# [PROBLEM]
Scan the data below. Pull out each line where "features" occurs.

# [SOURCE DATA]
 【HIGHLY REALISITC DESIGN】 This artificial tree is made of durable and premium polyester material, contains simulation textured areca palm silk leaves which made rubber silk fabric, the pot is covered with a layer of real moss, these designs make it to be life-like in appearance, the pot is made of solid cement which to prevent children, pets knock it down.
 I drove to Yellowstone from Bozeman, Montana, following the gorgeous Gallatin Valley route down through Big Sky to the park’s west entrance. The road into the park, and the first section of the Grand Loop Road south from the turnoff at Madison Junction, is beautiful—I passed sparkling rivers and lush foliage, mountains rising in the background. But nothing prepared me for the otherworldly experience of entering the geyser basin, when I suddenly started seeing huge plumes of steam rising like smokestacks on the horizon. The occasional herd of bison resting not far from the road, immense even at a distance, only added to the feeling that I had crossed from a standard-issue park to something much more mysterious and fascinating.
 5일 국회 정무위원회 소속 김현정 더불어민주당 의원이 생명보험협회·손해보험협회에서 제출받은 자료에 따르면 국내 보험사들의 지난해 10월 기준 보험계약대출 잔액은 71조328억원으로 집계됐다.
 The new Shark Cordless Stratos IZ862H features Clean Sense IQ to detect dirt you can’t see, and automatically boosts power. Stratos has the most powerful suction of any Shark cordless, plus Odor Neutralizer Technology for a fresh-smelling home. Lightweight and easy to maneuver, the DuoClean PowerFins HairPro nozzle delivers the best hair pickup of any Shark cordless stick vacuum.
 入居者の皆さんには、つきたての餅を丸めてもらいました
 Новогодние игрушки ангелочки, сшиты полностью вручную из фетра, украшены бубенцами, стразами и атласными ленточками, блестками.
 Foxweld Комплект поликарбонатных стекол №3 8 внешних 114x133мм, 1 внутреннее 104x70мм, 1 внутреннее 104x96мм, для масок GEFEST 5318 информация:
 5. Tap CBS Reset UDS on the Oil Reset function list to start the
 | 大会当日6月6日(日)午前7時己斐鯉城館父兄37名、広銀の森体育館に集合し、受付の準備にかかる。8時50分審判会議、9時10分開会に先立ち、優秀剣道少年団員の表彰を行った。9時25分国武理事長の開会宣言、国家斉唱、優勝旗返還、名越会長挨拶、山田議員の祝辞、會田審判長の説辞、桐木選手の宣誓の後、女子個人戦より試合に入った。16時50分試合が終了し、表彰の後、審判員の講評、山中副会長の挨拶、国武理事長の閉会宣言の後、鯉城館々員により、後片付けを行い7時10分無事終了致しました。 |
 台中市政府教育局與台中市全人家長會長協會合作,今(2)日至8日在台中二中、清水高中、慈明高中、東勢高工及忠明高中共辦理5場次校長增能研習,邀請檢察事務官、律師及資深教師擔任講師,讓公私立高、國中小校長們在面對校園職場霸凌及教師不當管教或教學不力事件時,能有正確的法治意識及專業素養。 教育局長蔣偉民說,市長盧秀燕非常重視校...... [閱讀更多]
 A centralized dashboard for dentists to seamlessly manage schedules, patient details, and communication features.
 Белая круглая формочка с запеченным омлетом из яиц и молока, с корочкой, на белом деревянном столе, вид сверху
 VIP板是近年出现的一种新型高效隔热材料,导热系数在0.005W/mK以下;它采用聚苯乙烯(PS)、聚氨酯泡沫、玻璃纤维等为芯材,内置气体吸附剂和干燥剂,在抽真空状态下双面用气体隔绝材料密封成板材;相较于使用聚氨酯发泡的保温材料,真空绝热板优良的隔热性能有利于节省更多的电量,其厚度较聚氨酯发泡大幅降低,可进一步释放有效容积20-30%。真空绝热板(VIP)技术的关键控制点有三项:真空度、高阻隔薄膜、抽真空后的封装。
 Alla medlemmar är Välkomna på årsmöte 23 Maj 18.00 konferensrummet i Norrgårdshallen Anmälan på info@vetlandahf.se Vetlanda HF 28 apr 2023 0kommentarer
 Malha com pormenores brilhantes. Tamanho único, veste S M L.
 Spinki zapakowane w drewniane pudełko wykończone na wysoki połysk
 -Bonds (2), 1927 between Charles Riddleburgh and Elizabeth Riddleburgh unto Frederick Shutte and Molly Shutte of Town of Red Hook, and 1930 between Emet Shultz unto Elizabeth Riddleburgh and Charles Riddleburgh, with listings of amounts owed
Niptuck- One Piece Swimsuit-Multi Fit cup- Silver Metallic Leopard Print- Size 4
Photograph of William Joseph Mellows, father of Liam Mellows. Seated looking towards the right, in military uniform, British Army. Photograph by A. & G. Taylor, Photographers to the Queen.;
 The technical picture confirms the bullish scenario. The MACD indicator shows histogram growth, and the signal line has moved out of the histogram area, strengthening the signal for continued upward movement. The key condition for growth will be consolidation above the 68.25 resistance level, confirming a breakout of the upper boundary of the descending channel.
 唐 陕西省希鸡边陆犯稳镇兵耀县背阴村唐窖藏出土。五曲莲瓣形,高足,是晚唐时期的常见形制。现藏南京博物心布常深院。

# [WRITTEN SOLUTION]
 The new Shark Cordless Stratos IZ862H features Clean Sense IQ to detect dirt you can’t see, and automatically boosts power. Stratos has the most powerful suction of any Shark cordless, plus Odor Neutralizer Technology for a fresh-smelling home. Lightweight and easy to maneuver, the DuoClean PowerFins HairPro nozzle delivers the best hair pickup of any Shark cordless stick vacuum.
 A centralized dashboard for dentists to seamlessly manage schedules, patient details, and communication features.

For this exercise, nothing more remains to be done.